%%
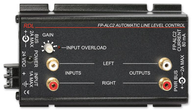The FP-ALC2 is a dual channel (stereo) module featuring phono jack INPUTS and OUTPUTS. A single user adjustment makes installation simple and efficient. The gain adjustment is set as high as possible with the loudest source without the INPUT OVERLOAD indicator flashing. No further adjustments are needed. Foreground as well as background sound systems fed from variable audio source levels, such as multiple CD changers or satellite receivers, benefit from consistent levels.
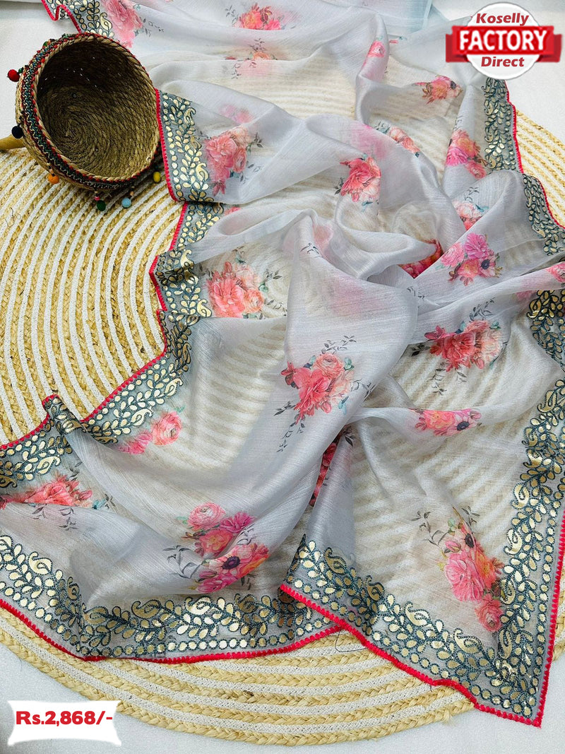 Beautiful khadi organza saree with  floral digital print, viscose gota thread work with beautiful thread border line paired with pretty Raw silk blouse.
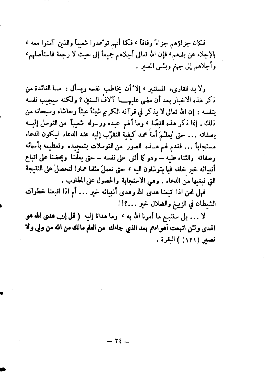 ولا بد للقارئ المستنير إلا أن يخاطب نفسه ويسأل: ما الفائدة من ذكر هذه الأخبار بعد أن مضى عليها آلاف السنين؟ ولكنه سيجيب نفسه بنفسه: إن الله تعالى لا يذكر في قرآنه الكريم شيئاً عبثاً وحاشاه وسبحانه من ذلك إنما ذكر هذه القصة وما ألهم عبده ورسوله شعيباً من التوسل إليه بصفاته ... حتى يعلم أمة محمد كيفية التقرب إليه عند الدعاء ليكون الدعاء مستجاباً ... فقدم لهم هذه الصور من التوسلات بتمجيده، وتعظيمه بأسمائه وصفاته والثناء عليه - وهو كما أثنى على - - حتى يعلمنا ويحضنا على أتباع أنبيائه خير خلقه فيما يتوسلون إليه حتى نعمل مثلما عملوا لنحصل على النتيجة التي نبغيها من الدعاء. وهي الاستجابة والحصول على المطلوب.
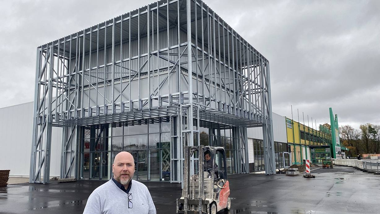Marktleiter Jens Peschke steht vor dem künftigen Haupteingang des Gebäudes. | © Dirk Windmöller
%%
*Task prompt*. Each line of the data above needs to be retyped as it is, without any picture.

*Result*.
The FP-ALC2 is a dual channel (stereo) module featuring phono jack INPUTS and OUTPUTS. A single user adjustment makes installation simple and efficient. The gain adjustment is set as high as possible with the loudest source without the INPUT OVERLOAD indicator flashing. No further adjustments are needed. Foreground as well as background sound systems fed from variable audio source levels, such as multiple CD changers or satellite receivers, benefit from consistent levels.
 Beautiful khadi organza saree with  floral digital print, viscose gota thread work with beautiful thread border line paired with pretty Raw silk blouse.
 ولا بد للقارئ المستنير إلا أن يخاطب نفسه ويسأل: ما الفائدة من ذكر هذه الأخبار بعد أن مضى عليها آلاف السنين؟ ولكنه سيجيب نفسه بنفسه: إن الله تعالى لا يذكر في قرآنه الكريم شيئاً عبثاً وحاشاه وسبحانه من ذلك إنما ذكر هذه القصة وما ألهم عبده ورسوله شعيباً من التوسل إليه بصفاته ... حتى يعلم أمة محمد كيفية التقرب إليه عند الدعاء ليكون الدعاء مستجاباً ... فقدم لهم هذه الصور من التوسلات بتمجيده، وتعظيمه بأسمائه وصفاته والثناء عليه - وهو كما أثنى على - - حتى يعلمنا ويحضنا على أتباع أنبيائه خير خلقه فيما يتوسلون إليه حتى نعمل مثلما عملوا لنحصل على النتيجة التي نبغيها من الدعاء. وهي الاستجابة والحصول على المطلوب.
Marktleiter Jens Peschke steht vor dem künftigen Haupteingang des Gebäudes. | © Dirk Windmöller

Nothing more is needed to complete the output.